The figures
used in for Student Loans in the Herald today seem almost beyond belief. That someone
can owe One million Dollars by 2040, all for quite a small initial ‘loan’ seems
quite ridiculous. If the figures quoted are true, one only needs to extrapolate
that and we would have a generation (or more) of citizens who see no reason to ‘try’

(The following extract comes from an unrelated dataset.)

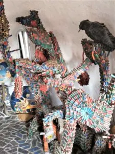 On se promène dans ce jardin pittoresque, jalonné de plusieurs fabriques, un château, une maison champignon, un bus décoré. J'ai préféré commencer par la visite du jardin pour ensuite entrer dans la fraîcheur de la maison igloo. On a l'impression d'entrer dans le corps d'une bête monstrueuse. Les façades de la maison nous dévisagent, un œil en pierre nous scrute avant même que nous pénétrions à l'intérieur. On a peur de réveiller la bête et on entre dans un silence solennel. Des pièces sinueuses s'offrent à nous, c'est à la fois un petit musée et un lieu de vie avec une salle de bain, une cuisine...Les tableaux de Jo tapissent les murs de la pièce principale. Les arabesques et les courbes structurent également l'intérieur de l'habitat. Les parements en mosaïque du foyer remplacent les appareillages de pierre à l'extérieur. On y contemple une grande sculpture, allégorie du corbeau et du renard faite à partir d'un assemblage de cartouches de fusils. A côté de cette imposante réalisation, un petit ensemble de peintures représentant des célébrités rappelle les compositions énigmatiques de Salvador Dali, comme ce Cyrano de Parano que j'ai pris en photo. La fraîcheur de l'espace intérieur me fait du bien, je commande un rafraichissement auprès de Dominique la femme de Jo et prends le temps de m'assoir et d'admirer tous les artefacts qui m'entourent...Il y a tant de choses à voir, tant de peintures , de sculptures, de mots, d'annotations et de réflexions sur le monde que Joe cherche à faire partager.

to pay back the ballooning loan.
The ‘loan’
as reported is reason enough to take a long hard look at the system of student loans
in New Zealand. There has to be a better and fairer way. We do not want a generation
of angry, hopeless students going on to spend their whole lives paying back the
loans.
I have heard
other examples of course, whereby students have found high- paying holiday jobs
and managed to avoid the whole process of the student loan debacle. I would say
that’s almost the same as saying that---‘Hey, I’m a multi-millionaire, so if I
can do it, anyone can.’ Those jobs quoted do exist but not in the numbers
needed to allow students to have no or very small loans.
We often see
young people pointing the finger at those of us who came through a kinder
regime saying, ---- ‘You guys had it easy. You virtually received your tertiary
education free, so don’t tell us we are selfish.’ There is quite a ring of
truth about that statement. The only difference was that back then, it was
actually harder to gain entry to a university education.
The term ‘tertiary’
has expanded and now covers a far wider spread of entry requirements as the ‘Industry’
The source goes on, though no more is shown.